The CDC report warns: "Do not eat Kellogg's Honey Smacks cereal of any size package or with any "best if used by" date." So far, 24 people have been hospitalized, however no deaths have been associated with the outbreak.

  • "Do not eat Kellogg's Honey Smacks cereal in any size package. Check your home for it and throw it away, or return it to the place of purchase for a refund.
  • Retailers should not sell or serve recalled Kellogg's Honey Smacks cereal.
  • The Kellogg Company recalled Kellogg's Honey Smacks cereal on June 14, 2018.
  • Even if some of the cereal has been eaten and no one got sick, throw the rest of it away or return it for a refund.
    • If you store cereal in a container without the packaging and don't remember the brand or type, throw it away.
    • Thoroughly wash the container with warm, soapy water before using it again to remove harmful germs that could contaminate other food."

Kellogg announced a recall of the cereal on Thursday, specifically on 15.3-ounce and 23-ounce packages with "best if used by dates" from June 14, 2018, through June 14, 2019.

No other Kellogg's products are currently under recall.

On Friday, the Food and Drug Administration expanded the recall to include all Honey Smacks cereal "regardless of size" or expiration date, stating on their website:

"The FDA is advising consumers to not eat and to discard any Kellogg's Honey Smacks cereal. This is regardless of size or 'best if used by' dates. The recall notice accounts for all of the product that is on the market within the cereal's estimated one year shelf-life.
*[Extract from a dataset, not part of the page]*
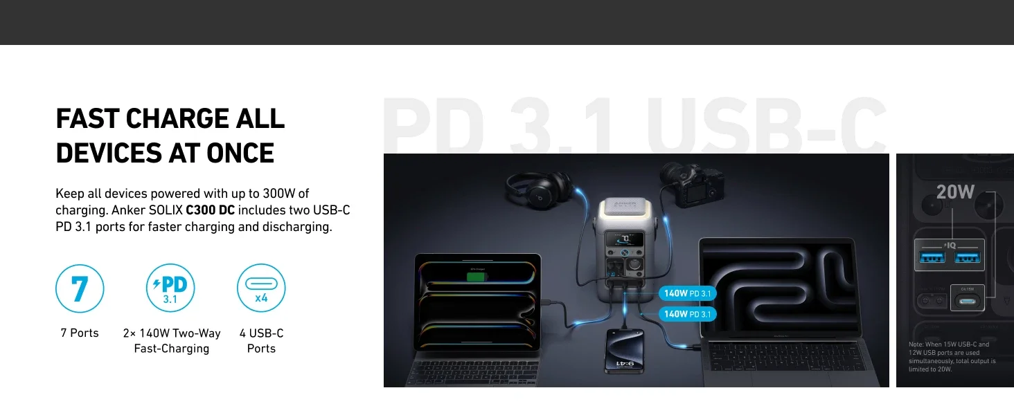 1. Recharge with an 18W or higher USB-C wall charger, such as an Anker USB-C charger or laptop charger. Note that only the USB-C2 and USB-C3 ports can be used.

However, Honey Smacks products with earlier dates could also potentially be contaminated."

Reports of symptoms initially began in March - salmonella symptoms include fever, diarrhea, and abdominal pain, which appear 1-3 days after exposure. Most people recover in about a week with proper medical treatment.


"The FDA's staff has initiated an inspection at the facility that manufactures Kellogg's Honey Smacks and is working quickly with the company to collect additional information," the agency said in a statement.

An investigation is currently underway into the manufacturer of the cereal in order to determine the source of the outbreak.